The other thing I noticed when working on the search engine is that CLIP is pretty good at reading text. So another approach we could try is adding my name to one of my photos, encoding that and a bunch of other photos of me, then doing a search for “Ian Pointer” and seeing what comes back - whether it can anchor on the text on that image and whether the vector representation of that image is close enough to pull in the other versions of me in the index.

faiss_index = faiss.read_index("curtis.idx")

ref_tensor, ref_ids = encode_image("ian_text.jpg", 111)
check_tensor, check_ids = encode_image("IMG_4069.JPG", 222)

faiss_index.add_with_ids(ref_tensor, ref_ids)
faiss_index.add_with_ids(check_tensor, check_ids)
text_features = model.encode_text(clip.tokenize("Ian Pointer").to("cpu"))

text_features /= text_features.norm(dim=-1, keepdim=True).float()
r = text_features.to('cpu').float()
    
distances, indices = faiss_index.search(r, 5)

indices

tensor([[ 368881852814592245, 2327282344735017205, 9001564851015125238,
         6284035229181315318, 6287482820904650998]])

Okay, that didn’t work so well. But! What if we do something really stupid and just add more instances of my name on the photo so CLIP takes the hint?

faiss_index = faiss.read_index("curtis.idx")

ref_tensor, ref_ids = encode_image("ian_text_lots.jpg", 111)
check_tensor, check_ids = encode_image("IMG_4069.JPG", 222)

faiss_index.add_with_ids(ref_tensor, ref_ids)
faiss_index.add_with_ids(check_tensor, check_ids)
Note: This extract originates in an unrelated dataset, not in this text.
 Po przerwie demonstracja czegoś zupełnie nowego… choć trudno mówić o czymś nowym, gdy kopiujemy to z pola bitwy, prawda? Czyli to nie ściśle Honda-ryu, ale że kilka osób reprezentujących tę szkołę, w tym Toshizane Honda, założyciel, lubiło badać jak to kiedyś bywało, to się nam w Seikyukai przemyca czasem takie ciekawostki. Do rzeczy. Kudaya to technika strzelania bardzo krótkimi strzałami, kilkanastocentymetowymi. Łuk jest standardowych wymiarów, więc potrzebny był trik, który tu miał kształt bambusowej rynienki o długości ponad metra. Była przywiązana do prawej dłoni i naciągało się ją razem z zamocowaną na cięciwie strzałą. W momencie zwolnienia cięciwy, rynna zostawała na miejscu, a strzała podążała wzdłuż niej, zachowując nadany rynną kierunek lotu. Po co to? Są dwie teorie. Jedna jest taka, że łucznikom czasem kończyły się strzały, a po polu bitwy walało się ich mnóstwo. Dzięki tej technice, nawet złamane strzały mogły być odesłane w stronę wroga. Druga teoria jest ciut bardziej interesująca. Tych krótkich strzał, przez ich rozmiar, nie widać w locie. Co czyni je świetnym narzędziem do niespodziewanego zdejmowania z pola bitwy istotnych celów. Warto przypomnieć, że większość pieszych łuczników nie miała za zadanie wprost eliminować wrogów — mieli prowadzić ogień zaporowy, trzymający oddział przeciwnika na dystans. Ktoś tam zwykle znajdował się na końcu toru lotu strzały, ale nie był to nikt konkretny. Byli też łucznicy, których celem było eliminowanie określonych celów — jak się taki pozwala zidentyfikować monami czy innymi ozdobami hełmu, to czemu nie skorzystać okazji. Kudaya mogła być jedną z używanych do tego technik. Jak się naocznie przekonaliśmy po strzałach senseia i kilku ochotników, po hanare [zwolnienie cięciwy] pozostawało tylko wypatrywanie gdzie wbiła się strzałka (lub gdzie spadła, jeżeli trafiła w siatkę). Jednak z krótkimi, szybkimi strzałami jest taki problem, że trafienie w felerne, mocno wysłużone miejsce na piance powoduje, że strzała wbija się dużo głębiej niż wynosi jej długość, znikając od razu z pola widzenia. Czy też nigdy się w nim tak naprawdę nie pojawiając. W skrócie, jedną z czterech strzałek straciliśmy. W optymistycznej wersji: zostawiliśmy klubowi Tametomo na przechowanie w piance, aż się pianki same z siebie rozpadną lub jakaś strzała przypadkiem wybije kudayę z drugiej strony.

text_features = model.encode_text(clip.tokenize("Ian Pointer").to("cpu"))
text_features /= text_features.norm(dim=-1, keepdim=True).float()
r = text_features.to('cpu').float()
    
distances, indices = faiss_index.search(r, 5)

indices
tensor([[                111,  368881852814592245, 2327282344735017205,
         9001564851015125238, 6284035229181315318]])

So if you add a bunch of text to the image, CLIP will “read” the text, but it feels like the information encoded in the vector space is in a separate cluster to the rest of the image details, as we’re not seeing the other picture of me coming back on following searches. This surprises me a little, as I was seeing the opposite in test queries in the Curtis database, but it’s likely they were matching a lot more in the image clusters of the vector space regardless of the text it was finding.

Hiding

But what if I want to fool the system? Here, I’m taking the picture of Tony Blair, adding my name over the top (which makes me feel a little dirty, but whatever), and then searching for “Ian Pointer” again. Will CLIP be confused?
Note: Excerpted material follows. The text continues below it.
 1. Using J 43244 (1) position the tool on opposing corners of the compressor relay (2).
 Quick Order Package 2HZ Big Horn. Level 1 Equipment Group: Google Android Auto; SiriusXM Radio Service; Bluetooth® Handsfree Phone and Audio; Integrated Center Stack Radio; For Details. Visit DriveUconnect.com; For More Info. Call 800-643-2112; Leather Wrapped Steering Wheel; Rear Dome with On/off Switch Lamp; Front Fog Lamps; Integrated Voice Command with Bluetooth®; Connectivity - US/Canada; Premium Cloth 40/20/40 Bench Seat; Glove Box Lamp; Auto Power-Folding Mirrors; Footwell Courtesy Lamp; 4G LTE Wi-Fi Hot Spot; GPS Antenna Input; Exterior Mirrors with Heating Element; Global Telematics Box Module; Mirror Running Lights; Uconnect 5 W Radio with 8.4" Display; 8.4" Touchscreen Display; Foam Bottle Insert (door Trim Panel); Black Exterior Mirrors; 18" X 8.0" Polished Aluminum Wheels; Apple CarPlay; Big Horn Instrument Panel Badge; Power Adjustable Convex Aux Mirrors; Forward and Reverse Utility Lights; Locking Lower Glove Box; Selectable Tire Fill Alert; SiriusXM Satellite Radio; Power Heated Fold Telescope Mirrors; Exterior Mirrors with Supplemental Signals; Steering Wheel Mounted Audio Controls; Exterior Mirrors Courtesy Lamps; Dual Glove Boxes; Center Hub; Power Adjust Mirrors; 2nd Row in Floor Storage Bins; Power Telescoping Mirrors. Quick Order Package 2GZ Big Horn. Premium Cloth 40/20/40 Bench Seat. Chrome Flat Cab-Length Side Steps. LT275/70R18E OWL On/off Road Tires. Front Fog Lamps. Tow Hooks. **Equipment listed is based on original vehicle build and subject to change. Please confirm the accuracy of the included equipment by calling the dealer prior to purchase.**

faiss_index = faiss.read_index("curtis.idx")

ref_tensor, ref_ids = encode_image("blair_text.jpg", 111)
check_tensor, check_ids = encode_image("IMG_4069.JPG", 222)

faiss_index.add_with_ids(ref_tensor, ref_ids)
faiss_index.add_with_ids(check_tensor, check_ids)


text_features = model.encode_text(clip.tokenize("Ian Pointer").to("cpu"))
text_features /= text_features.norm(dim=-1, keepdim=True).float()
r = text_features.to('cpu').float()
    
distances, indices = faiss_index.search(r, 5)

indices
tensor([[                111,  368881852814592245, 2327282344735017205,
         9001564851015125238, 6284035229181315318]])
Image.open("/home/ian/notebooks/curtis/web/app/static/images/cant4_15115732058354422251_003609_368881852814592245.jpg")

png

Again, CLIP zeroes in on the text, but the rest of the returned search items are exactly the same as before, so I don’t think it has been fooled all that much.

Wrapping Up

In this strenuous and stringent bit of testing, it seems like CLIP actually does have some value as a zero-shot facial identification system. Which is vaguely terrifying. It might be interesting to expand this idea out further, maybe with larger and more appropriate datasets like Celeb.A, or if you just happen to have a few million photos hanging around.

And remember, don’t have nightmares.